Elle lève les yeux quand je reprends : « Tout le monde n'est pas séduit par les choses matérielles. Je ne le savais pas à l'époque, mais j'ai fini par apprendre que je pouvais être heureuse avec bien moins que ce que j'imaginais. Parfois, l'amour est vraiment tout ce dont on a besoin. »
« Alors, quand vous êtes-vous revus avec Tom ? »
« Il m'a fallu du temps, mais j'ai finalement convaincu mes parents de me laisser participer à un programme d'échange universitaire pour étudier à l'Université Monash pendant un an. Pour être honnête, je ne savais rien de l'Australie avant de venir ici. »
Kylie sourit en sirotant son cappuccino : « Un petit choc culturel, tu dirais ? »
« Total. Je suis arrivée avec une tonne de bagages et aucune idée de ce qui m'attendait. Tom m'attendait à l'aéroport et m'a aidée à m'installer dans l'appartement que j'avais loué. Il m'a fait sortir, m'a présentée à ses amis, et j'ai très vite pris mes marques. Je m'épanouissais grâce à ce sentiment d'indépendance qui accompagnait le fait d'être ailleurs, loin de mes parents. »
Kylie lève les yeux de ses notes avec un sourire. « Je n'ose imaginer. Je parie que ta vie d'avant et d'après, c'était le jour et la nuit. »
« L'Australie était tellement différente du monde que j'avais quitté. Là où j'étudiais aux États-Unis, il y avait certaines normes qui me semblaient normales. Mais une fois arrivée en Australie, j'ai appris que ces normes étaient conservatrices et étouffantes d'attentes. J'ai été choquée le premier jour de cours en voyant des étudiants arriver en pyjama, en Ugg boots et les cheveux en bataille. On ne verrait jamais ça à l'université que je fréquentais au Texas. »

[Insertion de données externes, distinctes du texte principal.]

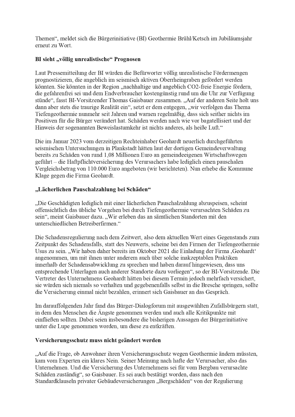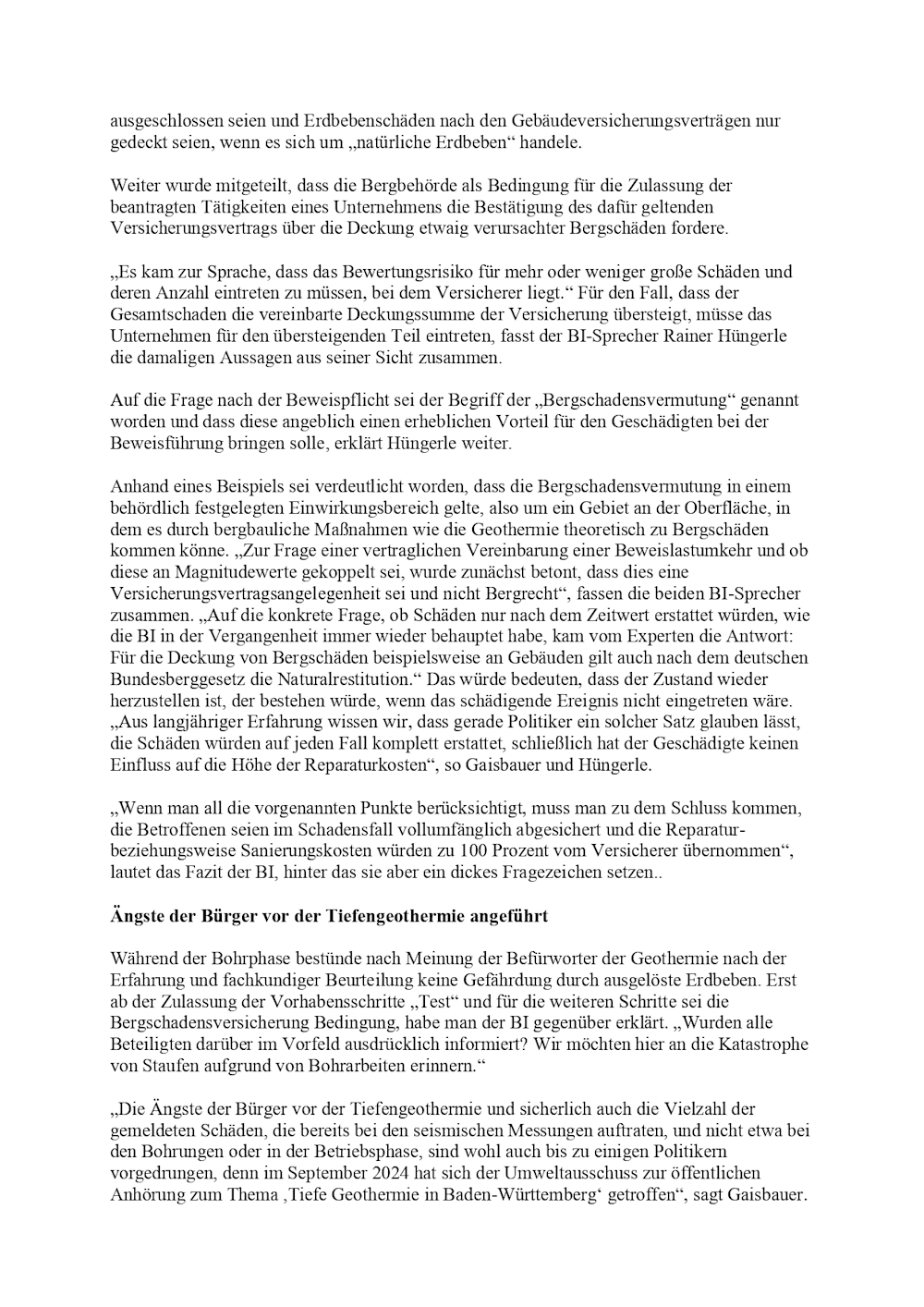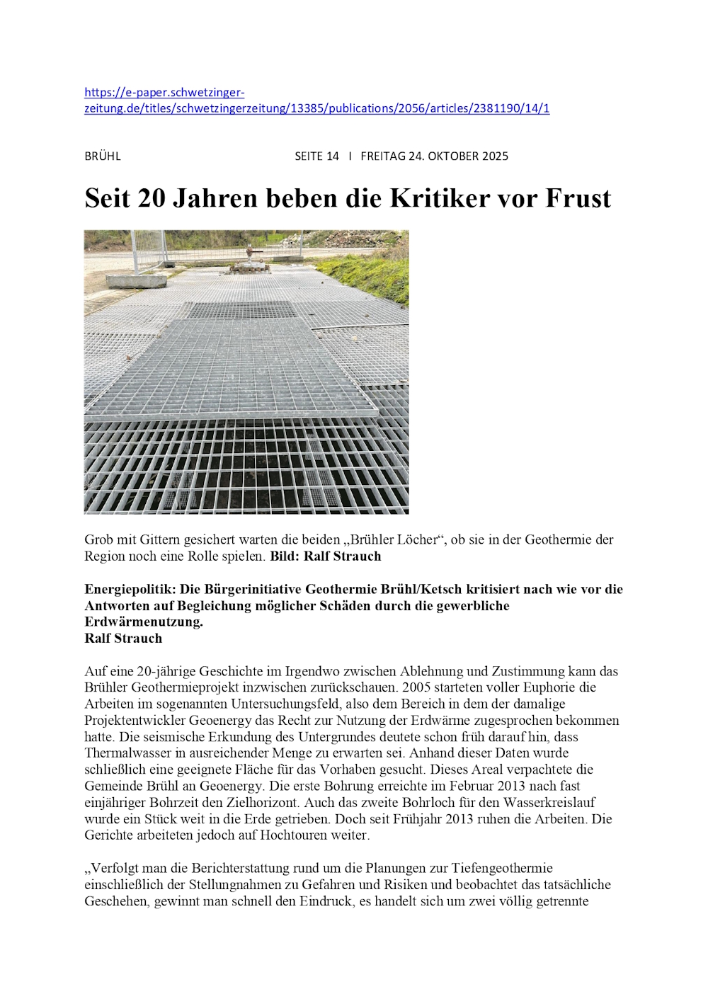 „Der anstehende Injektionstest in Graben-Neudorf ist ein weiterer Meilenstein für unser Projekt und die zukünftige Wärmeversorgung in der Region.“ schreibt der BNN am 20.06.2024.

Kylie rit et secoue la tête. « As-tu déjà eu le mal du pays ? »
« Pas du tout. Je suis tombée amoureuse de cet endroit instantanément. »
« Après ton installation, Tom était-il toujours la même personne excitante que tu imaginais quand vous vous êtes rencontrés ? »
« Il était encore plus drôle que dans mes souvenirs. Si drôle, en fait, que j'ai demandé mon transfert ici pour finir mon diplôme. Ces années furent légères et faciles, comme elles devraient l'être à cet âge. Tom et moi étions bien plus que des petits amis, nous étions meilleurs amis. On riait à travers la vie, profitant de chaque moment et de notre complicité. Ce n'est qu'après notre diplôme, quelques années plus tard, que Tom a été séduit par le frisson et le pouvoir du monde de l'entreprise. »
Kylie lève les yeux de son bloc-notes. « Donc, il a beaucoup changé quand il a commencé à travailler ? »
« Oui, mais j'étais aveugle face à son obsession grandissante pour la réussite et l'argent. J'étais tellement amoureuse que son charme m'aveuglait. Tandis qu'il se laissait séduire par le monde de l'entreprise, je me laissais séduire par cette illusion qu'il me vendait sur la vie qu'il voulait pour nous. »
« De quelle vie s'agissait-il ? »
« Une vie pleine de confort. Tu sais, une grande maison, des voitures de luxe et un calendrier mondain sans fin. En gros, la vie dans laquelle j'ai grandi, mais avec une touche australienne. Il me parlait toujours de ce qu'il prévoyait de nous acheter ou des voyages qu'il voulait faire avec moi. C'était toujours quelque chose qui arriverait dans un futur mythique. »
Kylie arrête d'écrire et étudie mon expression. « Il te donnait de l'espoir pour une date qui n'arriverait jamais. »
« Exactement. » Je bois une gorgée de mon mug, laissant le café imprégner mon palais tandis que je songe à la vie que j'avais autrefois. « Les illusions peuvent être dangereuses. Il est facile de s'y perdre, et avant même de s'en rendre compte, on est emporté si loin de la réalité qu'on ne sait plus comment se sauver soi-même. »
En remettant une mèche de cheveux en place, Kylie demande : « Qu'est-ce qui t'a sauvée ? »
« Ce n'est pas une question de ce qui m'a sauvée, c'est une question de qui. »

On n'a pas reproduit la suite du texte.